== Available records ==
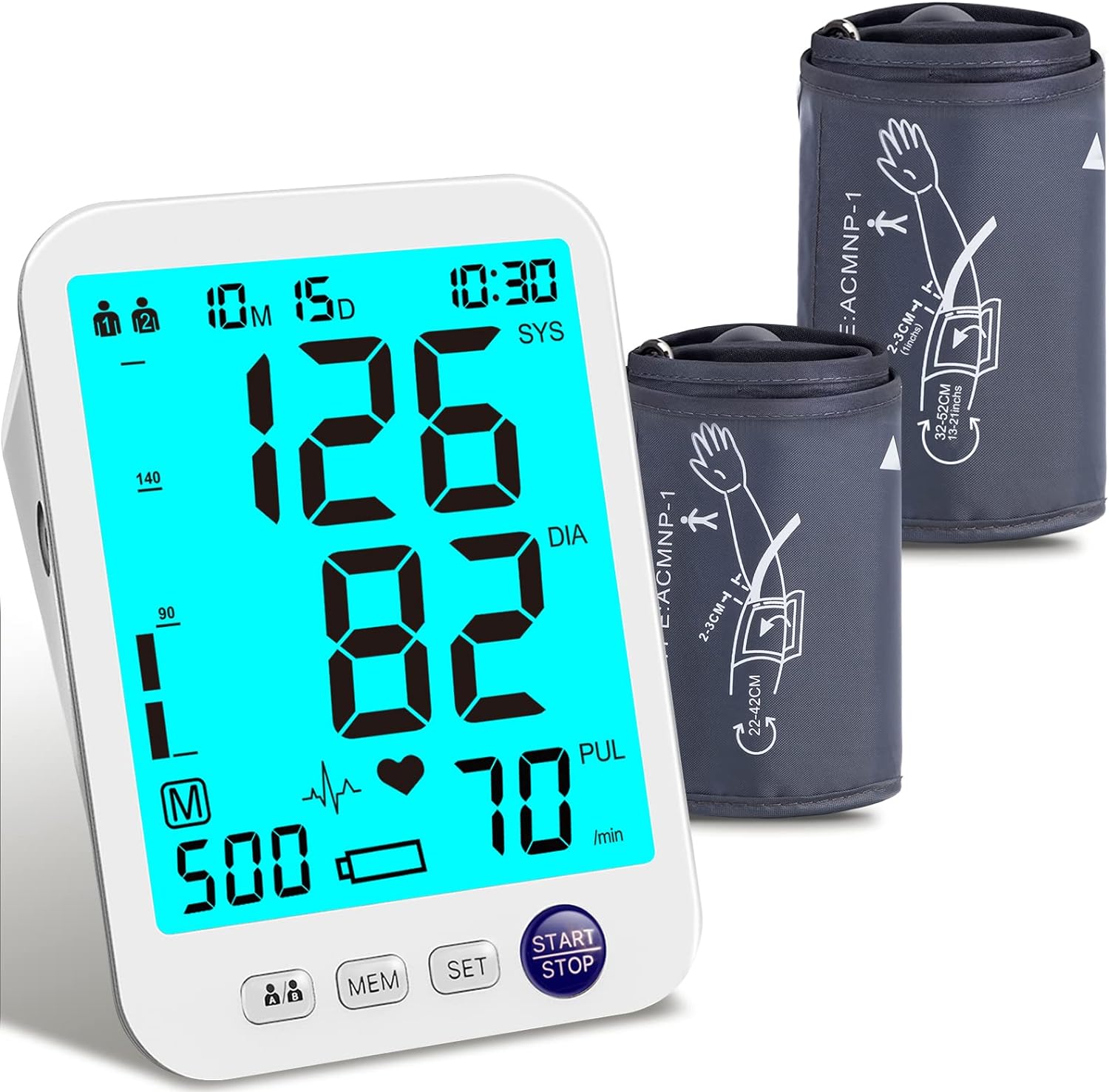 Blood Pressure Monitor Upper Arm Large LED Backlit Screen 1000 Sets Memory Automatic Digital BP Machine Adjustable BP Cuff
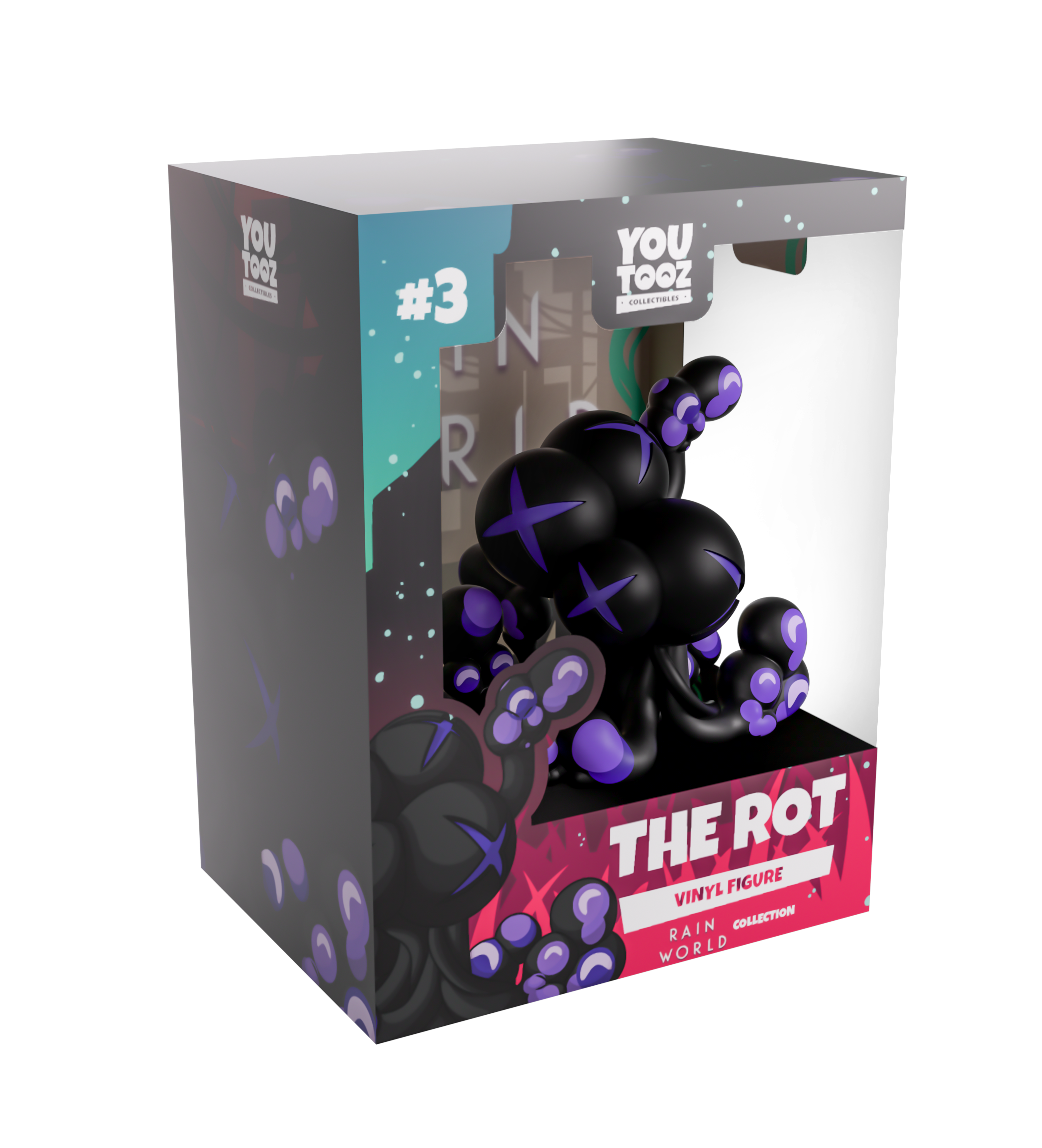 The Rot has grown and made its way into Youtooz for a full-blown infestation! Bubbling up at 3.1 inches tall with round cyst-like bulges and tendrils, blue crosses spread across its black center as blue and purple strands curl out and rise upwards in humping toxic clumps. The exterior of their packaging sees a bubbling mass rising up from a ruined building, while the interior looks onto the silhouette of a dilapidating skyline as green vines weave their way to surround them. The protective sleeve then casts the ruined world in a green haze as their figure can be seen through the large clear window at the packaging’s front. This collectible ships in a matte, embossed, protective outer sleeve and a custom-sized plastic protector for maximum protection during shipping.
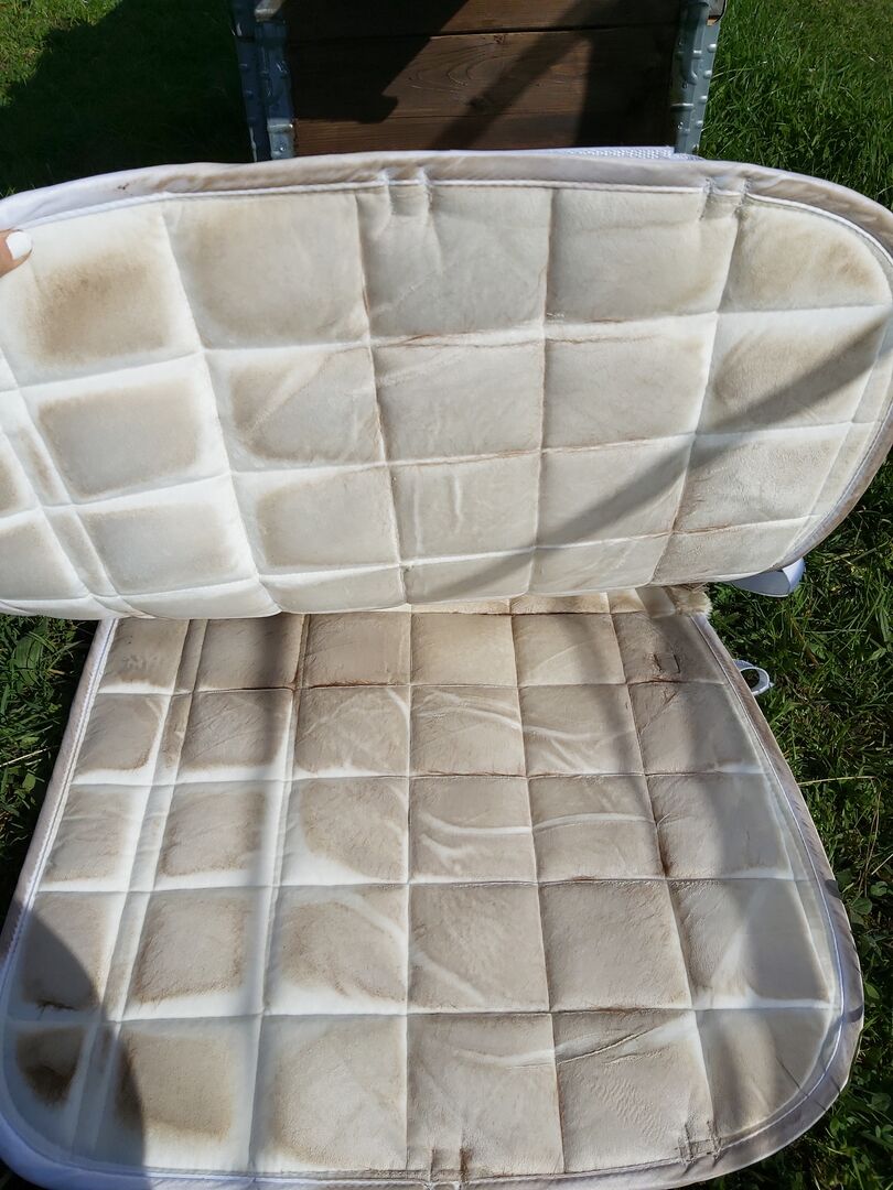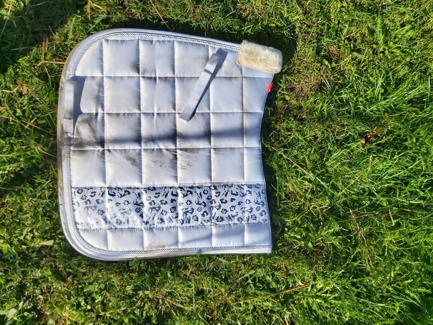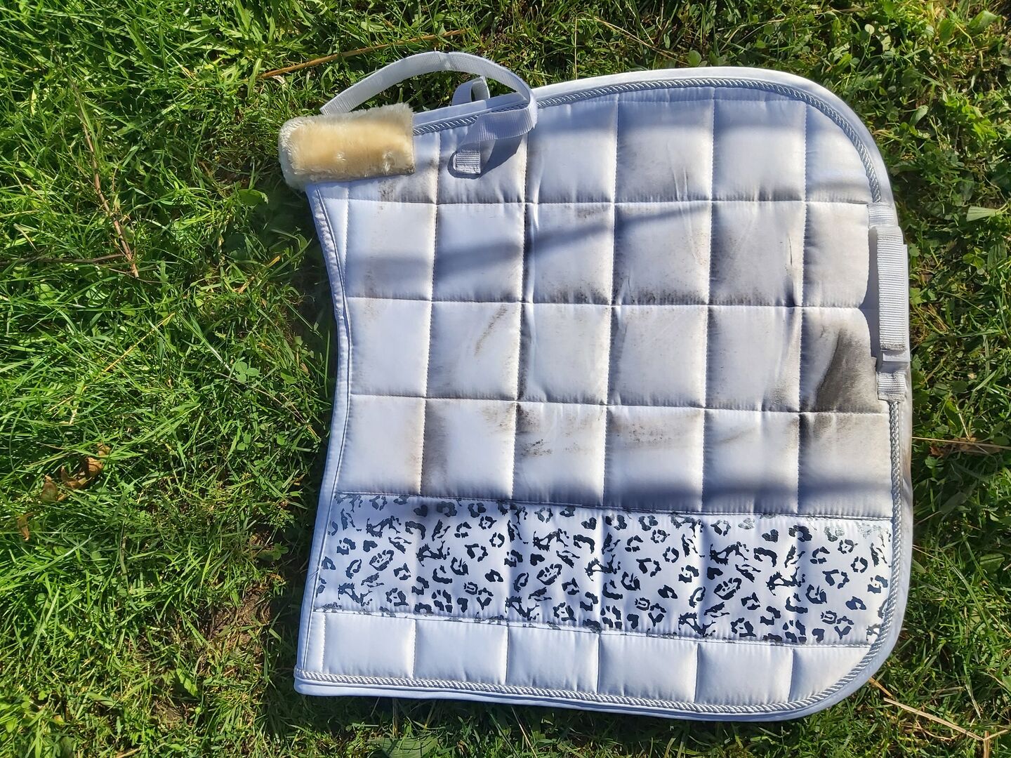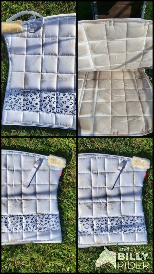 Zadeldekje + set van 4 bandages Imperial Riding wit - Set van zadeldek en 4 bandages Weinig gebruikt, helaas is het zadel eraf gewreven. De artikelen zijn ongewassen
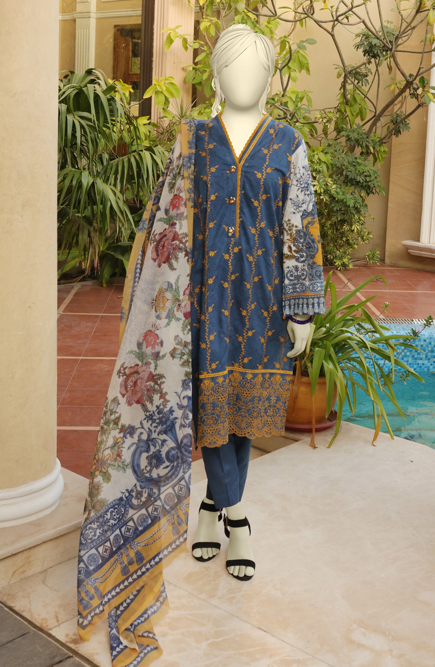 Printed Schiffli shirts with Bamber Chiffon Dupatta and mill printed pants
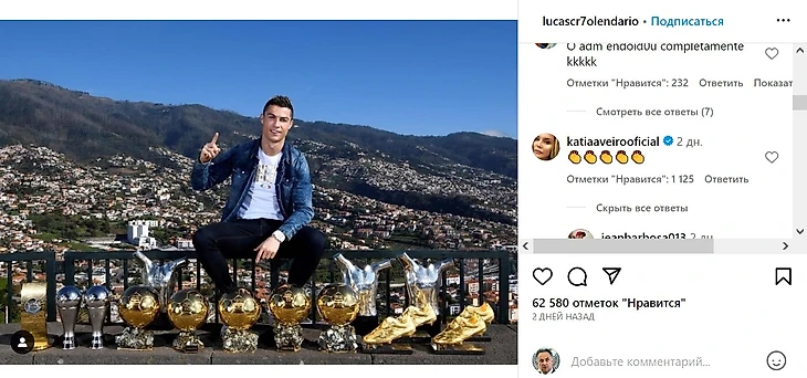 Катя Авейру, сестра Роналду, поставила под ним несколько аплодирующих эмодзи.
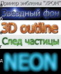 Рис. 5. Примеры надписей, полученных с помощью команд из группы «Расш.?Скрипт-Фу?Эмблема»: а — «Хром», б — «Звездный фон», в — «3D-outline», г — «След частицы», д — «Неон» |
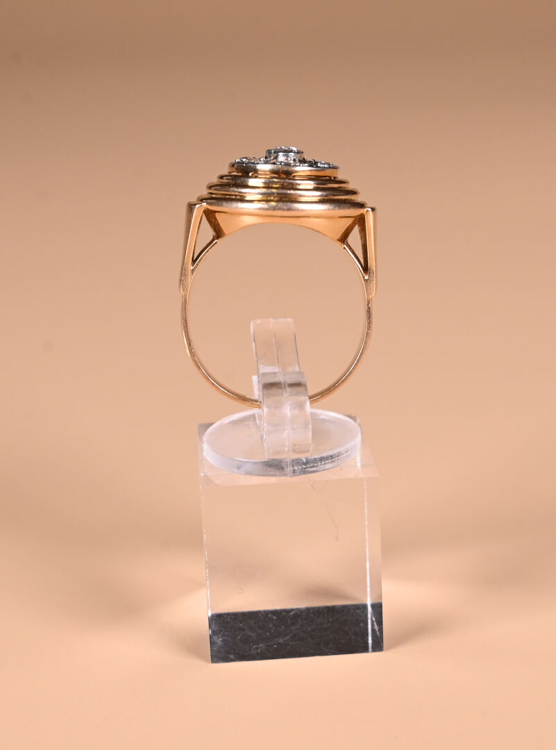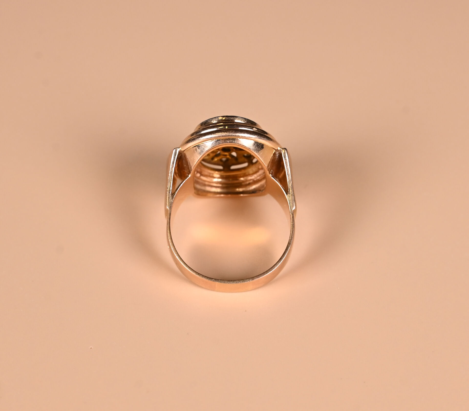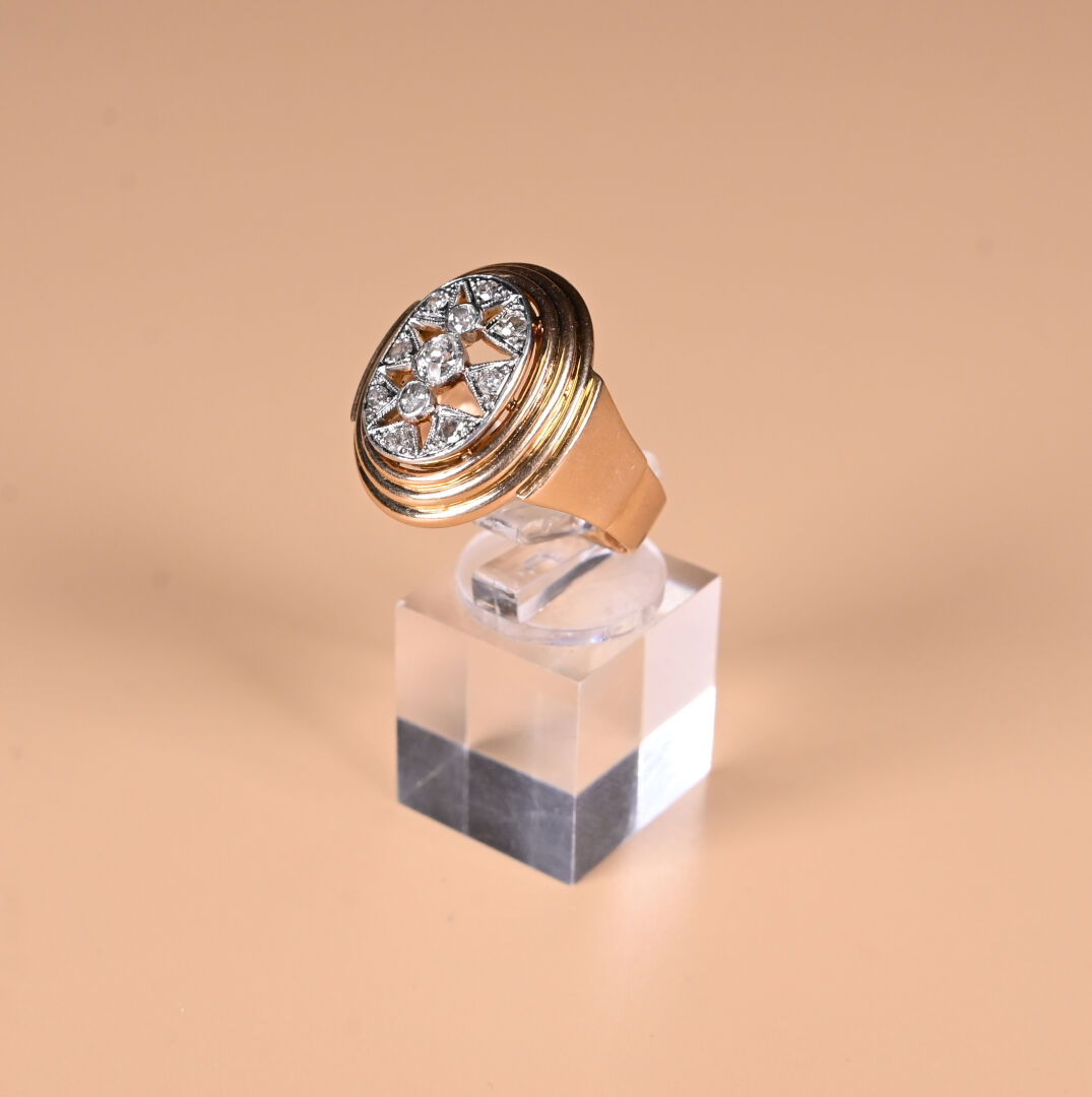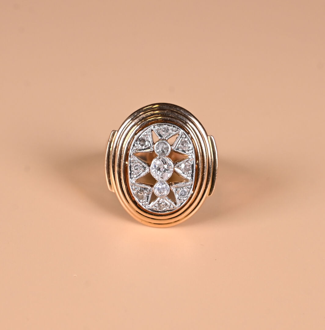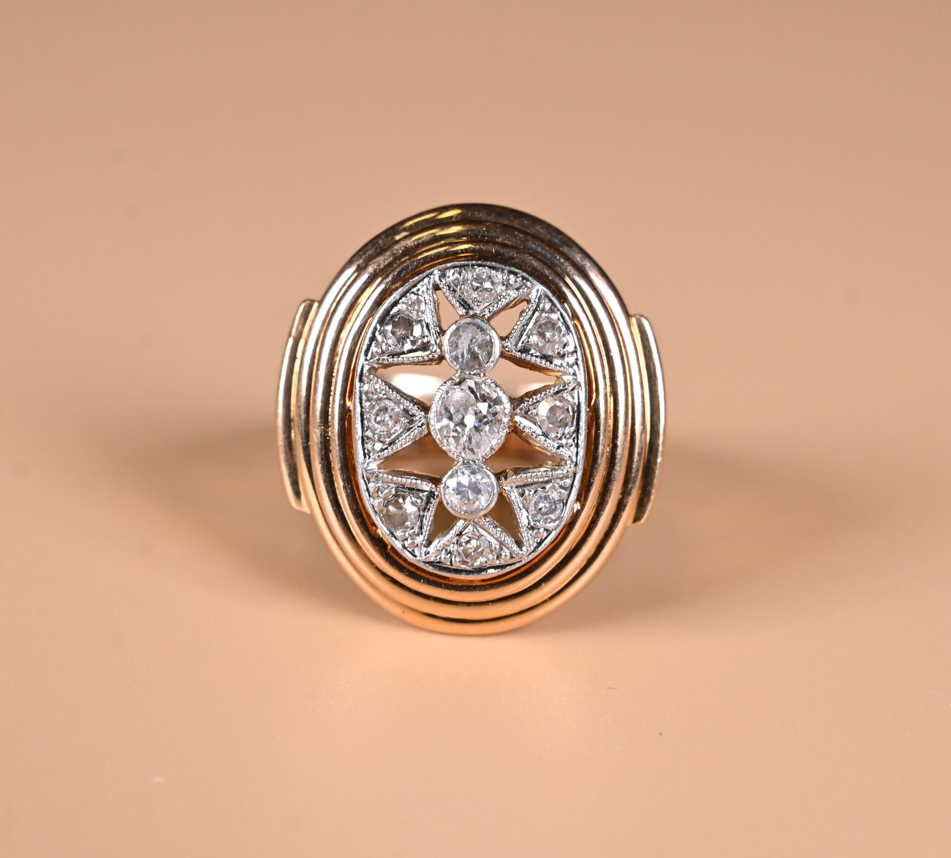 Importante bague en or jaune 18K 750/1000e, le plateau ovale à gradin ajouré serti de diamants de taille ancienne (égrisures). TDD. : 61. Poids brut. : 14,51 g.

== Task details ==
Starting at the line that contains "The Rot has", write out exactly each line through the last one in the listing above, leaving out the pictures and adding nothing else.

== Completed task ==
 The Rot has grown and made its way into Youtooz for a full-blown infestation! Bubbling up at 3.1 inches tall with round cyst-like bulges and tendrils, blue crosses spread across its black center as blue and purple strands curl out and rise upwards in humping toxic clumps. The exterior of their packaging sees a bubbling mass rising up from a ruined building, while the interior looks onto the silhouette of a dilapidating skyline as green vines weave their way to surround them. The protective sleeve then casts the ruined world in a green haze as their figure can be seen through the large clear window at the packaging’s front. This collectible ships in a matte, embossed, protective outer sleeve and a custom-sized plastic protector for maximum protection during shipping.
 Zadeldekje + set van 4 bandages Imperial Riding wit - Set van zadeldek en 4 bandages Weinig gebruikt, helaas is het zadel eraf gewreven. De artikelen zijn ongewassen
 Printed Schiffli shirts with Bamber Chiffon Dupatta and mill printed pants
 Катя Авейру, сестра Роналду, поставила под ним несколько аплодирующих эмодзи.
 Рис. 5. Примеры надписей, полученных с помощью команд из группы «Расш.?Скрипт-Фу?Эмблема»: а — «Хром», б — «Звездный фон», в — «3D-outline», г — «След частицы», д — «Неон» |
 Importante bague en or jaune 18K 750/1000e, le plateau ovale à gradin ajouré serti de diamants de taille ancienne (égrisures). TDD. : 61. Poids brut. : 14,51 g.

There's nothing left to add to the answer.